Las “estrategias inteligentes” de Barack Obama contra el ALBA-TCP: un análisis preliminar
20/01/2010
- Opinión
Introducción
Las páginas que siguen analizan las estrategias emprendidas por la administración de Barack Obama contra la Alianza Bolivariana para los Pueblos de Nuestra América-Tratado de Comercio entre los Pueblos (ALBA-TCP); integrada por los gobiernos y diversos movimientos socio-políticos de Antigua y Barbuda, Bolivia, Cuba, Dominica, Ecuador, Honduras, Nicaragua, la República Bolivariana de Venezuela (RBV) y San Vicente y las Granadinas. Esas estrategias articulan los instrumentos del soft y hard power históricamente empleados por esa potencia imperialista. Esa remozada combinación ha sido popularizada como el smart power o “poder inteligente” (Ney, 2008; Golinger, 2009)

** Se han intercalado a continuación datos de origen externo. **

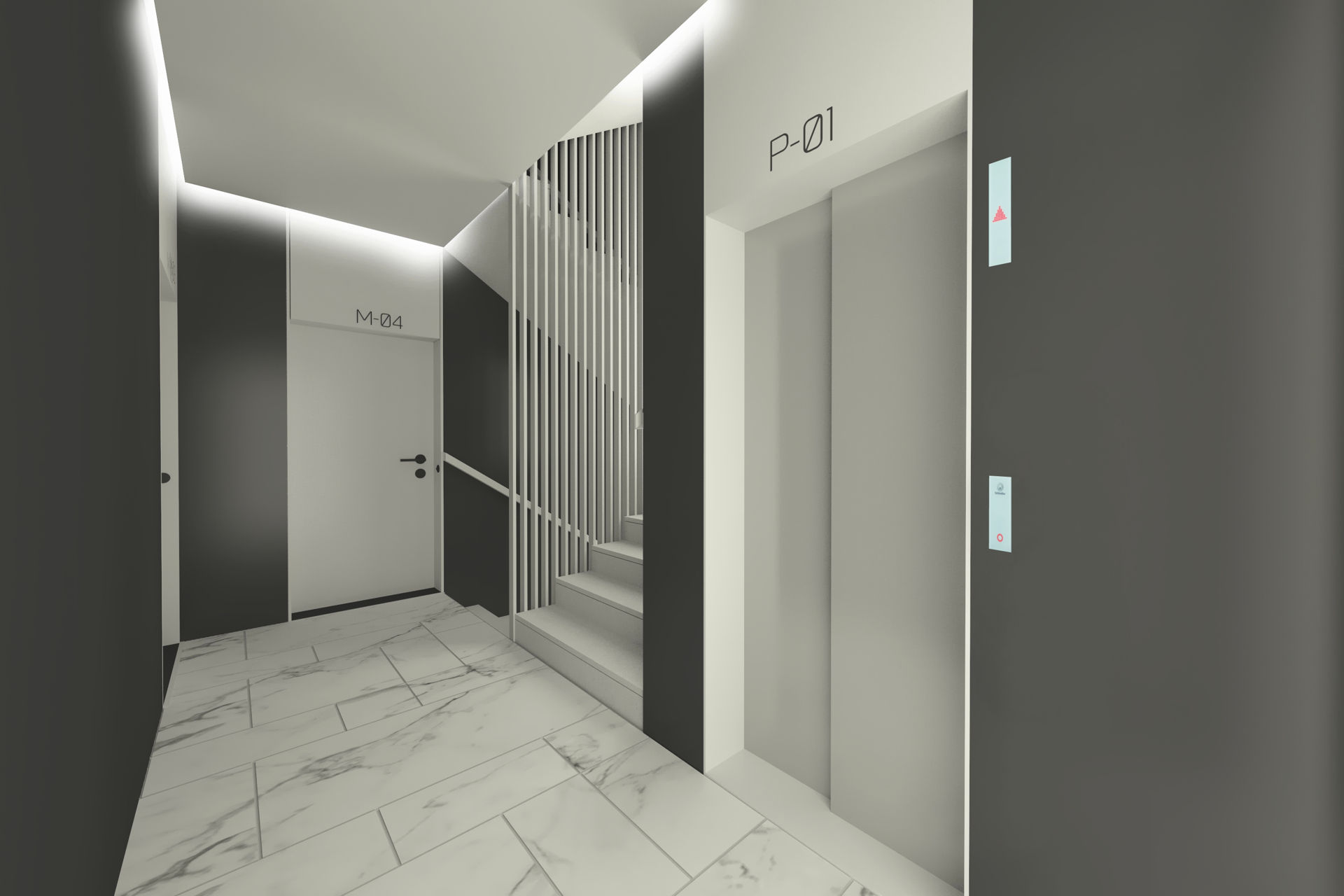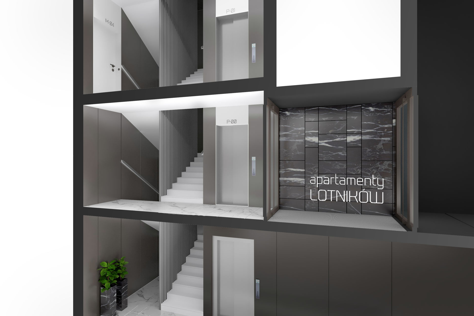 Dwa eleganckie, jednoklatkowe budynki wyposażone będą w windy od poziomu garażu. Na każdym poziomie znajdować się będą maksymalnie 4 apartamenty. Do mieszkań dostaniemy się przez recepcję/strefę wejścia, którą wykończymy w eleganckim stylu.

Renovar “el liderazgo” estadounidense
Desde su campaña electoral, el actual presidente de Estados Unidos se planteó renovar “el liderazgo”, “la credibilidad” y “la influencia” de su país en el hemisferio occidental; deterioradas –a su decir— porque la administración de George W. Bush “se embarcó en una guerra desquiciada con Irak” y abandonó su promesa de “hacer de Latinoamérica un compromiso fundamental de su presidencia”. Ese “vacio” habría sido ocupado por “demagogos como Hugo Chávez”, así como por otros países de Europa y Asia; entre los que destacó a la República Popular China y a la República Islámica de Irán (Obama, 2008 y 2008a).

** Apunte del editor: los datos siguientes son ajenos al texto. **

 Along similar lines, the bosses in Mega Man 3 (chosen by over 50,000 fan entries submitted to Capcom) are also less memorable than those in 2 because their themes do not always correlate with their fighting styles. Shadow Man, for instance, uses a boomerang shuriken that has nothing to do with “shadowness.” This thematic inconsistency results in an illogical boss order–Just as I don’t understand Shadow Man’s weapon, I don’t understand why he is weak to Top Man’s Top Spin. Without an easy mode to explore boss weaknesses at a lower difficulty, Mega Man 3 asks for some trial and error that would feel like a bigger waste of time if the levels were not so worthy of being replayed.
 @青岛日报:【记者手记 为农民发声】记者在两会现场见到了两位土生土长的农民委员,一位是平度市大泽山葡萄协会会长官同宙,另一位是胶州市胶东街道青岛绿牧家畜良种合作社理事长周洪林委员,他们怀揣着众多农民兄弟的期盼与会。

Esto fue ampliado a fines de enero de 2009 por el ratificado Secretario de Defensa de los Estados Unidos, el republicano Robert Gates; quien expresó su preocupación por las “actividades subversivas” que presuntamente está desarrollando el gobierno iraní y por sus estrechas relaciones con los gobiernos de Bolivia, Cuba, Ecuador, Nicaragua y la RBV (BBC, 2009): argumento posteriormente reiterado por la Secretaria de Estado, Hillary Clinton.

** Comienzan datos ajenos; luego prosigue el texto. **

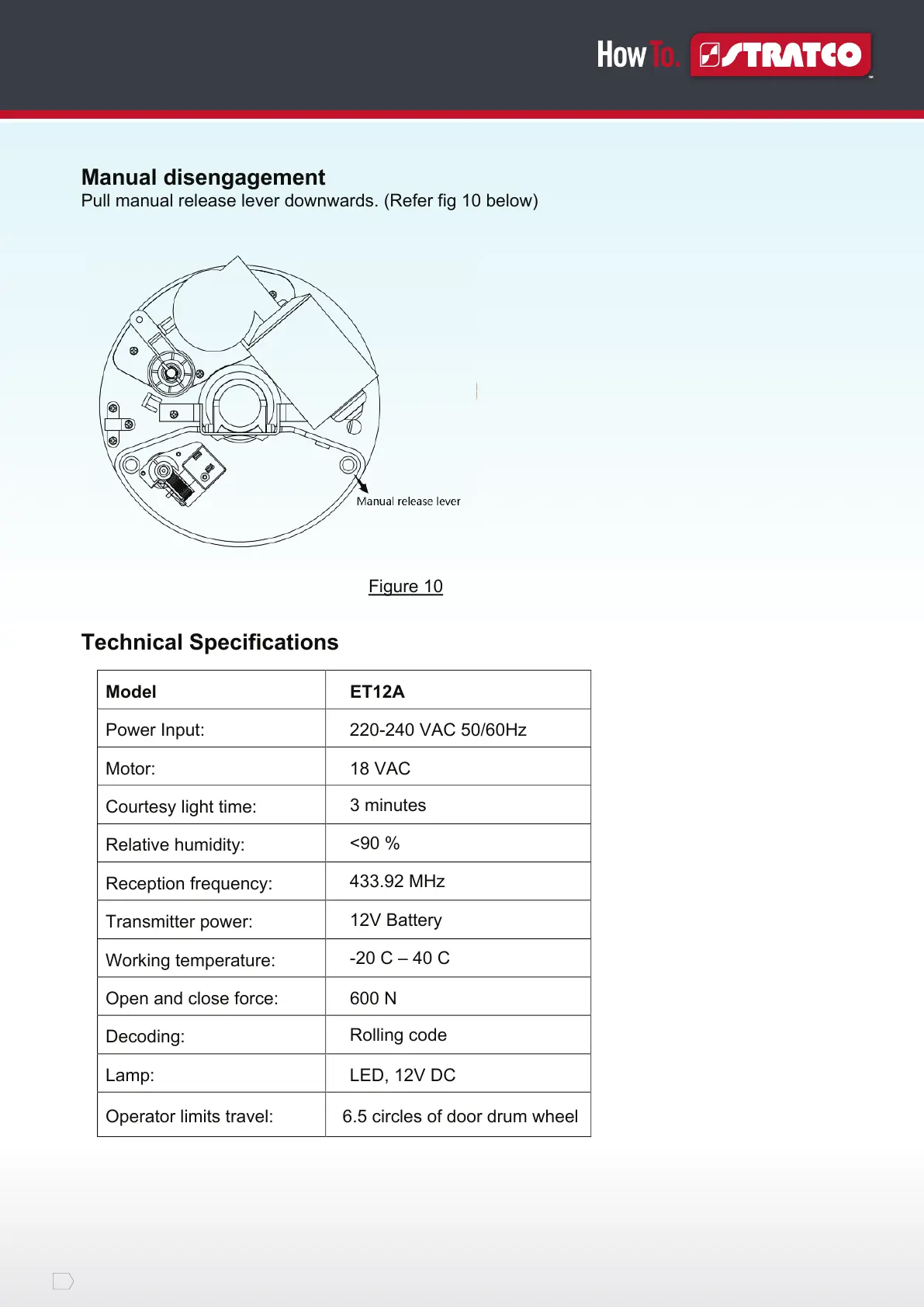 Stratco RDO12A - Manual Disengagement; Operating the Manual Release Lever; Technical Specifications; Product Specifications Overview

Para enfrentar esas situaciones y “liderar el hemisferio en el siglo XXI”, Obama anunció que emprendería una diplomacia “directa, fuerte, agresiva, principista y sostenida” con todos “los gobiernos amigos, adversarios y enemigos”, incluidos en esas dos últimas categorías la mayoría de los del ALBA-TCP. Como parte ella, prometió, entre otras cosas, duplicar para el 2012 los fondos de Ayuda Oficial al Desarrollo y el número de integrantes de los Cuerpos de Paz que actualmente actúan en América Latina y el Caribe (Obama, 2008a).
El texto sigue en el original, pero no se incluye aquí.